Company

by notquitejiraiya (lethargicshadowlover)



Category: Naruto
Genre: AU, Alternate Universe - Military, Alternate Universe - War, F/M, Forbidden Love, Language Barrier, Opposites Attract, like a war war, old fashioned
Language: English
Status: In-Progress
Published: 2020-04-16
Updated: 2020-04-16
Packaged: 2021-03-01 18:54:44
Rating: Mature
Warnings: No Archive Warnings Apply
Chapters: 1
Words: 1,984
Publisher: archiveofourown.org
Story URL: https://archiveofourown.org/works/23681947
Author URL: https://archiveofourown.org/users/lethargicshadowlover/pseuds/notquitejiraiya
Summary: Forced to run from the terror of the battlefield, Shikamaru finds himself in the undergrowth; cold, hurting, alone. That is until a strange and terrifying woman sees his struggle from the outside, and she can't help but get involved.
Relationships: Gaara & Kankurou & Temari, Nara Shikamaru/Temari
Comments: 21
Kudos: 37





	Company

It felt like he hadn’t moved in days, but he had, even if only a few feet.

When he’d had to resort to running—or rather crawling—into the undergrowth and amongst the trees, he hadn’t reached for ammunition. It was painful enough forcing his body through the rain, the mud, the brambles, with an empty rifle on his back and further away from his remaining comrades. To be brutal he hadn’t even expected to make it the two-hundred feet he’d scurried.

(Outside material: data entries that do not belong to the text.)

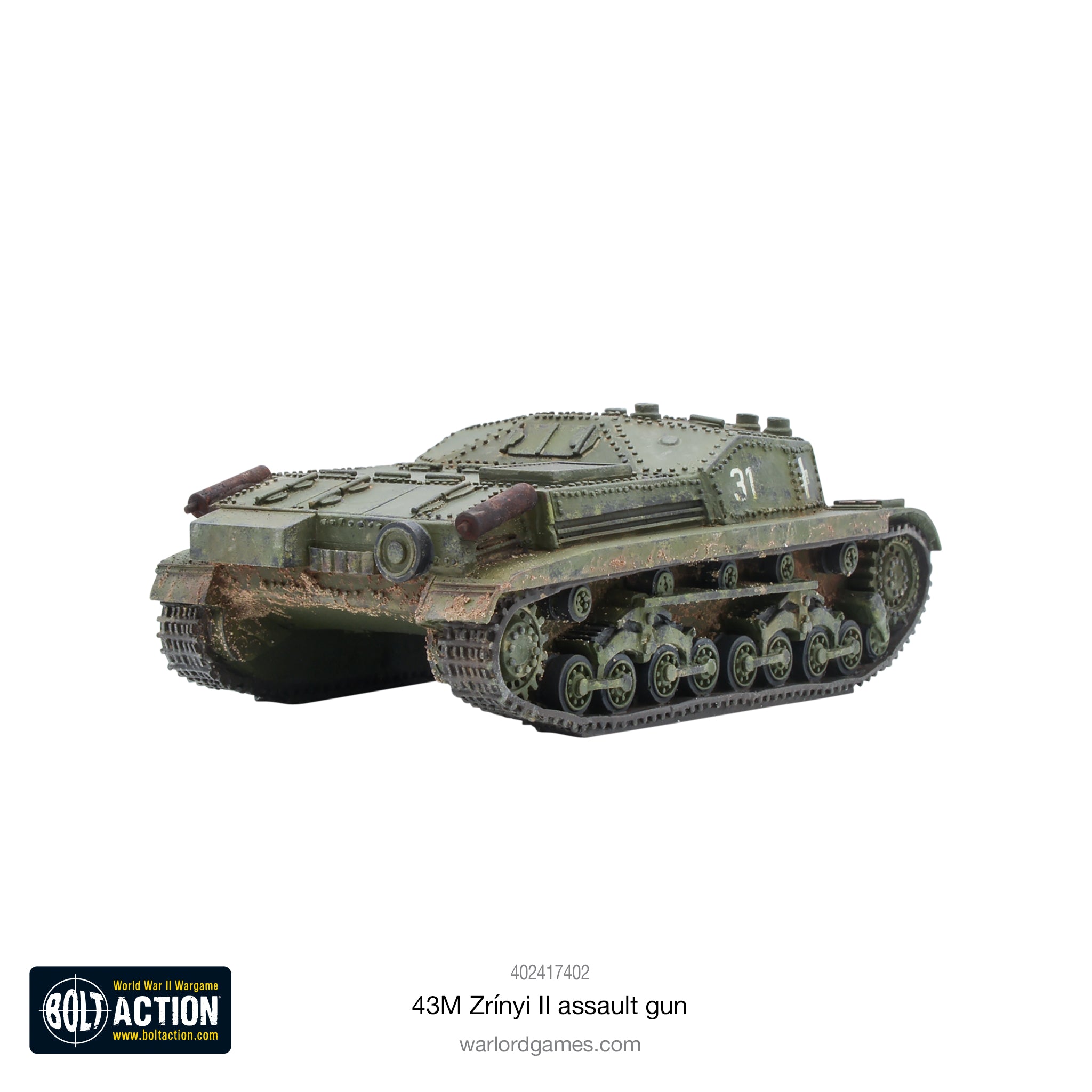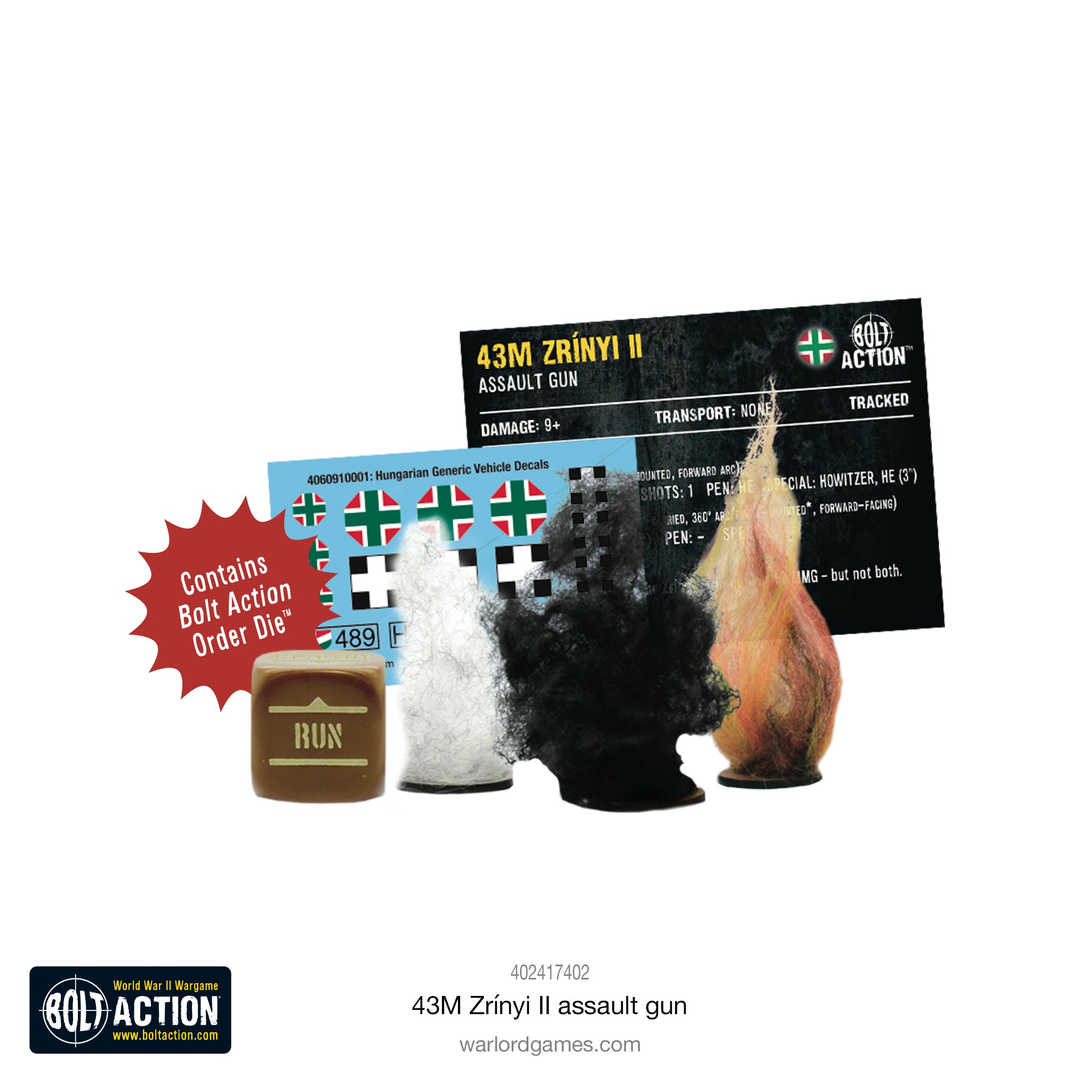 Box contains one 43M Zrínyi II Assault Gun, cast in resin & metal, with waterslide decal sheet, Bolt Action Order Die, Bolt Action: Third Edition vehicle stat card, and vehicle damage markers.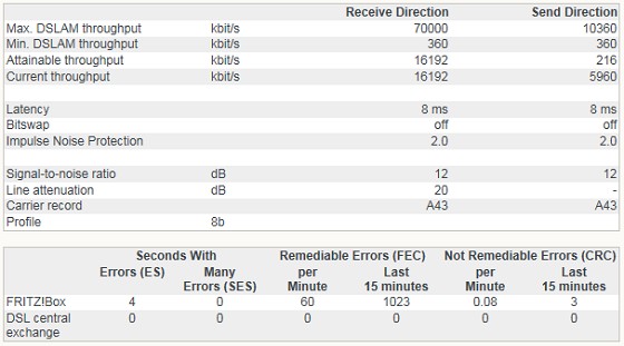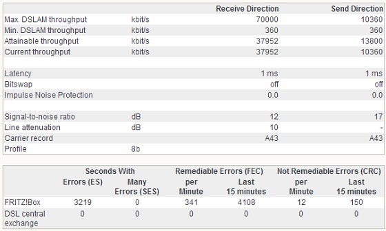 So here is my DSL information: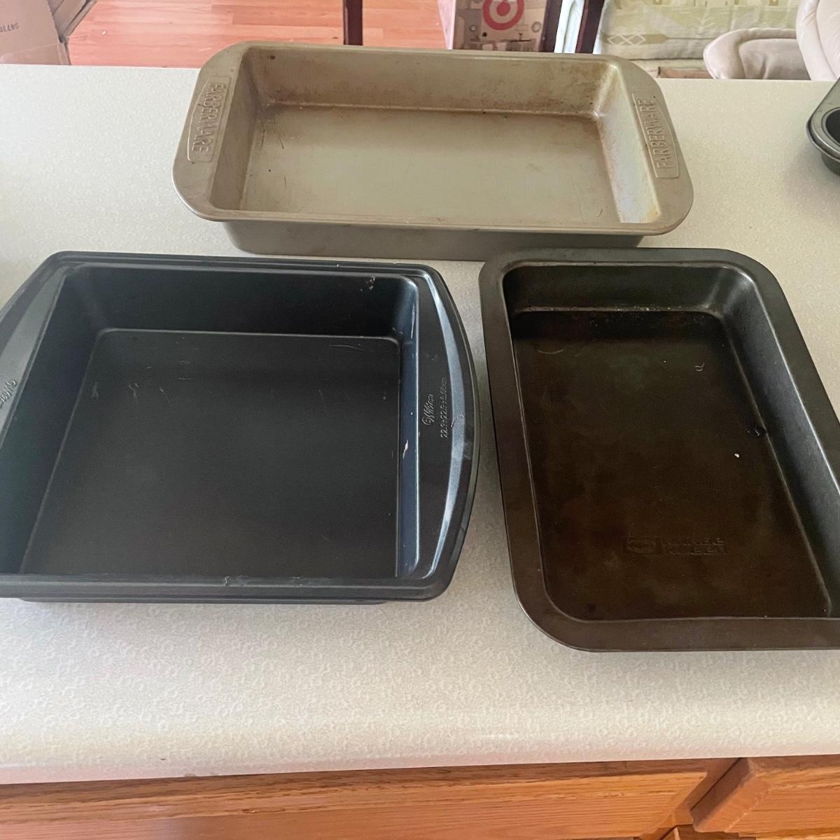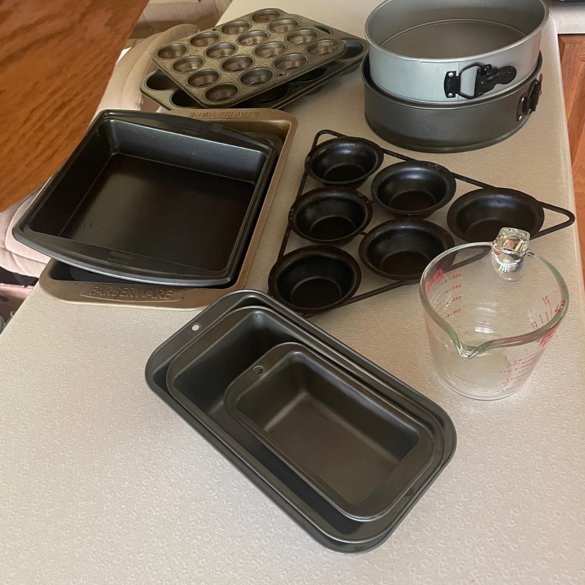 This handy baking lot includes cake tins, cupcake tins and tins in all shapes and sizes plus a Pyrex glass measuring jug.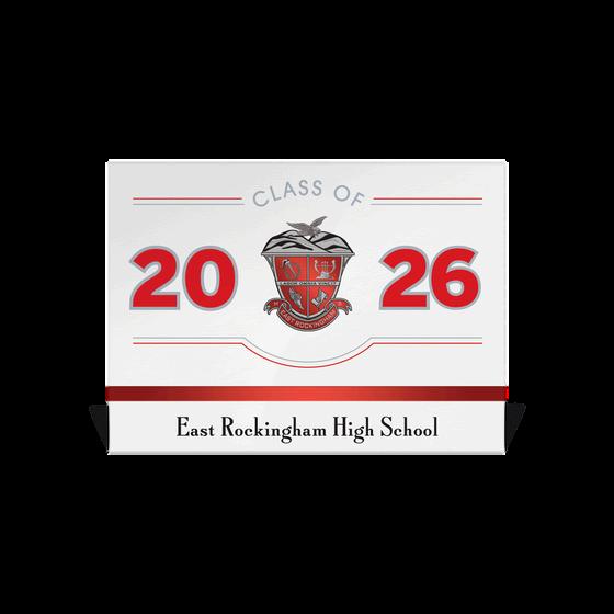 Official Class of 2026 announcements may feature your school’s official building or school mascot etching.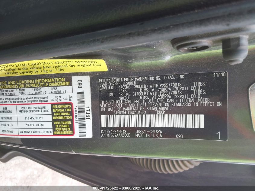 2011 TOYOTA TUNDRA 2011 Gasoline, 5.7, Unknown, VIN - 5TFRY5F11BX****** from the USA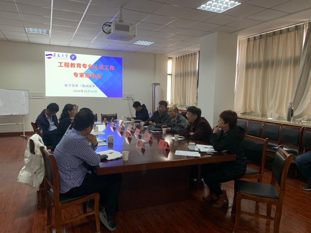 11月16日下午,电子信息(微纳技术)学院在诚思楼407会议室召开了工程教育专业认证工作专家指导会。会议邀请了青岛科技大学自动化与电子信息工程学院专业负责人、电气教研室主任乔峰、高孟友和jinnianhui金年会诚信至上纺织服装学院副院长邢明杰进行现场指导。学院党委书记苗洪丽主持会议。学院副院长宿杰、各系主任、副主任、党支部书记、专业认证自评报告撰写专班人员,以及教科办、学工办人员参加会议。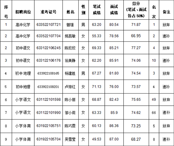 2022年6月24日,荔城區(qū)教育局組織2022年公開招聘中小學(xué)新任教師擬入圍考生體檢,高中化學(xué)第1名曾雄,初中語文第4名陳欣欣、初中地理第3名楊建勝,小學(xué)語文第49名陳小麗、小學(xué)體育第5名陳巧雯五位考生缺席,選擇放棄。根據(jù)《2022年莆田市荔城區(qū)公開招聘新任教師方案》“體檢、考核缺席或不合格,或放棄聘用而造成招考職位空缺的,原則上招聘單位主管部門應(yīng)從報(bào)考該崗位進(jìn)入面試的人員中按照考試總成績由高到低確定遞補(bǔ)人選”之規(guī)定,高中化學(xué)第2名姚荔敏、初中語文第10名翁美靜、初中地理第4名盧瓊紅,小學(xué)語文第66名鄒小莉、小學(xué)體育第8名吳雪瑩五位予以遞補(bǔ)擬進(jìn)入體檢、考核環(huán)節(jié),具體如下: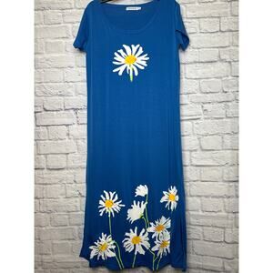 MISSLOOK Blue Handpainted Daisy Short Sleeve Maxi Summer Dress Never Worn! SZ LG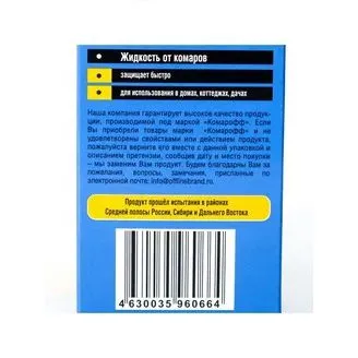 Комплект от комаров ОФФЛАЙН Комарофф, серия. Быстро Самая быстрая защита от комаров доказано миллионами покупателей всего 10 минут и насекомые уничтожены.Одно действие Мгновенное уничтожение достаточно воткнуть фумигатор с жидкостью в розетку.Спокойный сон защита до 45 ночей.Уникальный двухкомпонентный состав.Эффективность подтверждена Ростестом и Роспотребнадзором РФ.Продукт прошел испытания в районах средней полосы России, Сибири и Дальнего Востока.Универсальный электрофумигатор - работает как с пластинами, так и с жидкостью.Поворотная вилка позволяет устанавливать электрофумигатор в горизонтальные и вертикальные розетки.Благодаря двум резисторам в электро фумигаторе, обеспечивается равномерное и стабильное испарение средства.Комплектация:Универсальный электро фумигатор.Флакон с жидкостью 30 мл.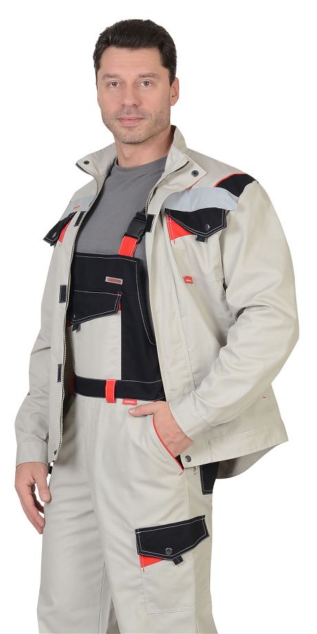 Куртка прямого силуэта; воротник стойка; с центральной застёжкой на молнию, накрытую ветрозащитным клапаном, застёгивающимся на кнопки и липучку; с подрезными бочками, с верхними и нижними карманами, с притачным поясом с фигурной линией низа со стороны спинки. Рукава с притачными манжетами на кнопках.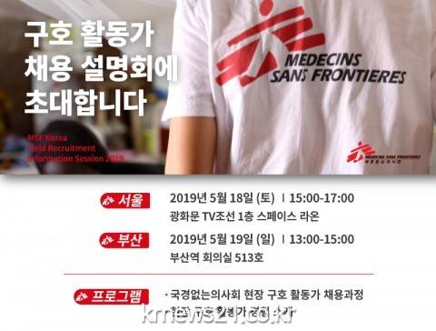 ▲ [사진=홍보지]국제 인도주의 의료 구호 단체 국경없는의사회는 5월 18일(토)과 19일(일) 양일간 서울과 부산에서 현장 구호활동가 채용 설명회를 개최한다.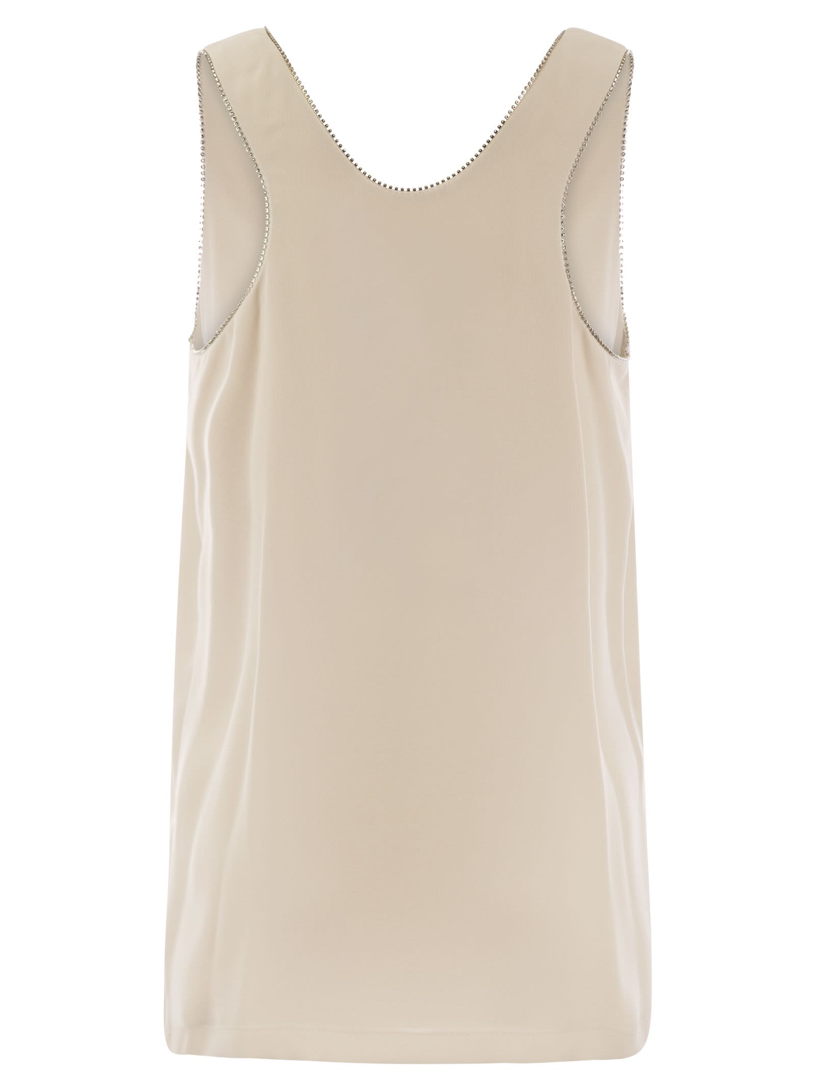Sleeveless top made of lightweight cady, featuring an American-style neckline at the back and a wide round neckline at the front. The model is embellished with profiles illuminated by a rhinestone piping motif. - Lined - Relaxed fit DESIGNER ID: 2416161013600 018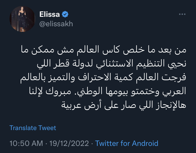 وكتبت إليسا قائلة: "من بعد ما خلص كاس العالم مش ممكن ما نحيي التنظيم الاستثنائي لدولة قطر اللي فرجت العالم كمية الاحتراف والتميز بالعالم العربي وختمته بيومها الوطني.. مبروك لينا الإنجاز اللي صار على أرض عربية".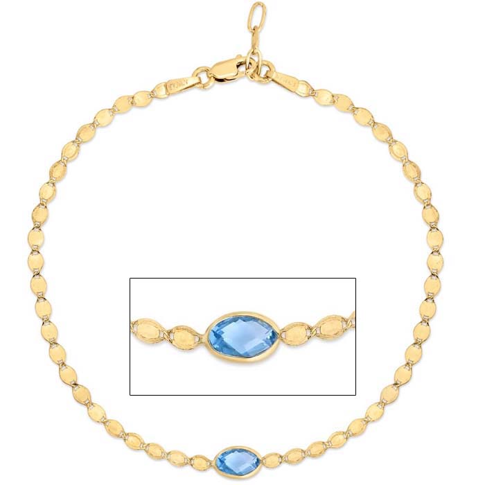 This blue topaz bracelet features one 6x4mm oval shape blue topaz gemstone. The bracelet is a 7.25" 2.2mm mirrored chain with a lobster-claw clasp.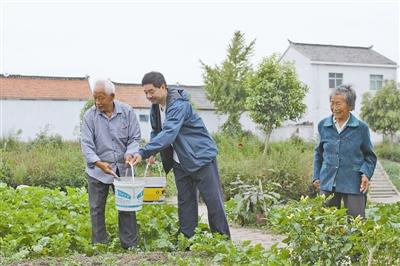 9月30日,蒋岳(中)来到张朝顺父母家,帮助张家二老在菜园浇水。唐明刚摄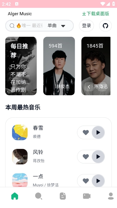 AlgerMusicPlayer汇聚了全球范围内的海量音乐资源,包含多种语言、风格与流派,能够满足各类用户群体的需求。不管你偏爱流行、摇滚、电子亦或是古典音乐,在这里总能找到契合你心意的旋律。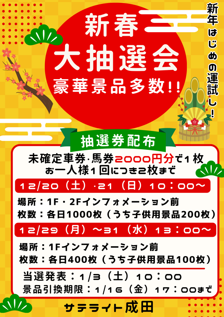 年末年始2025-2026新春大抽選会を実施します!!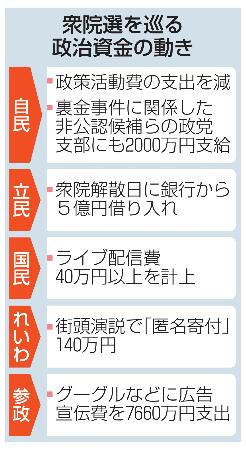 28日公表された2024年分の政治資金収支報告書(中央分)に基づき、3年ぶりの衆院選に臨んだ与野党の資金の動きを追った。派閥裏金事件の逆風を受けた自民党は、衆院解散前に使途公開不要な政策活動費1億円超を党幹部に支出した。国民民主党や参政党は交流サイト(SNS)でアピールするための支出が目立ち、ネット戦略重視の姿勢が鮮明となった。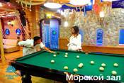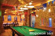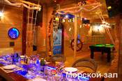 1. Морской зал (вместимость до 20 человек, русско-финская парилка, 2 комнаты отдыха, бассейн 4х3 с подогревом, фильтрацией, подсветкой и водопадом + холодная купель 1x1,5):
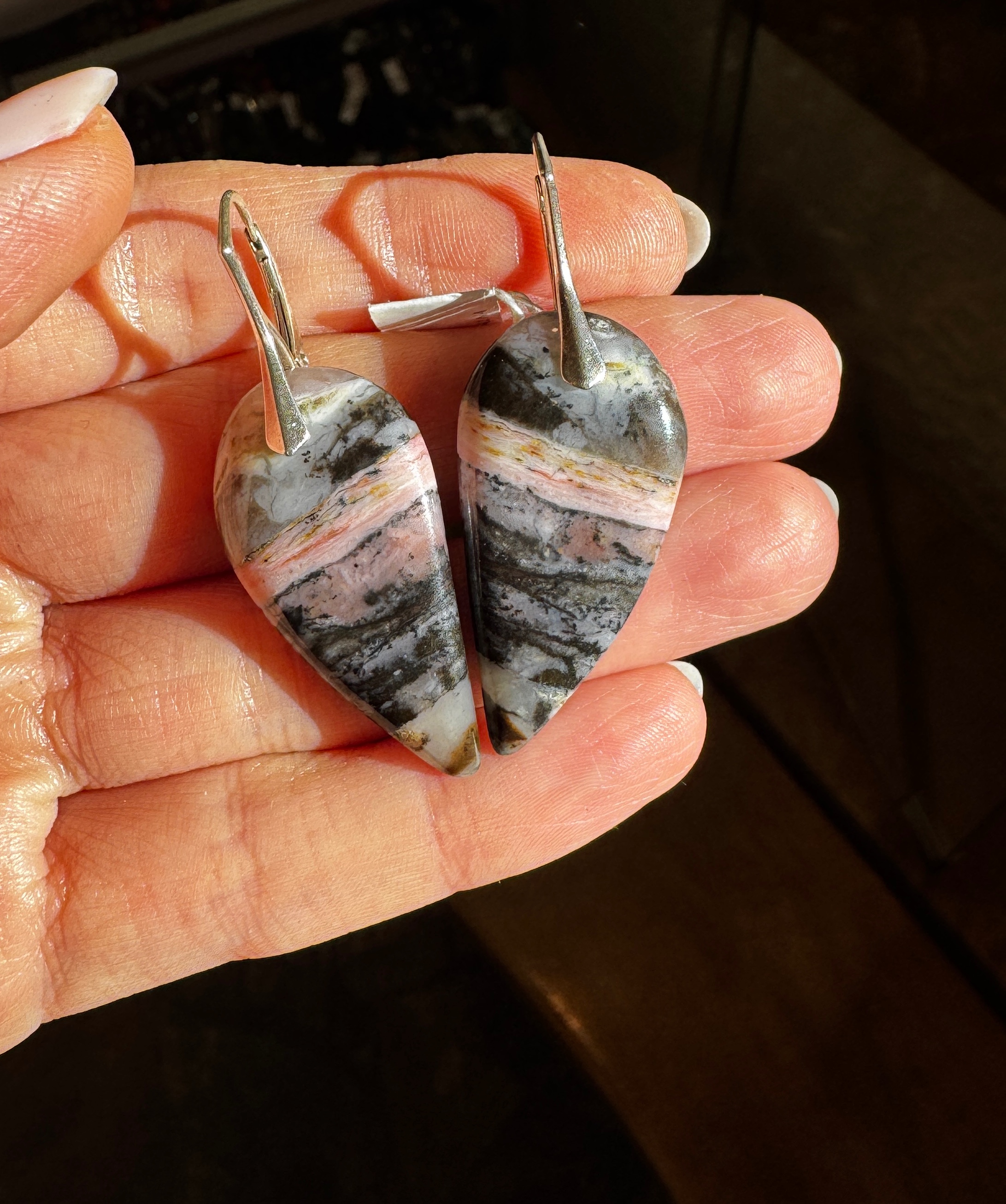 Ręcznie wykonane kolczyki płaskiego jaspisu rodonitu w odcieniu różu i srebra pr. 925

But playing dead worked—his peers were right—and it had given him enough discretion to escape the eyes of the enemy more than once these last few days. Yet now, as he propped himself up against the prickly bark of an oak and let his eyes fall to the weeping patches on his leg, he couldn’t help but wish he wasn’t playing anymore.

War was bad enough in company, but alone it was impossible.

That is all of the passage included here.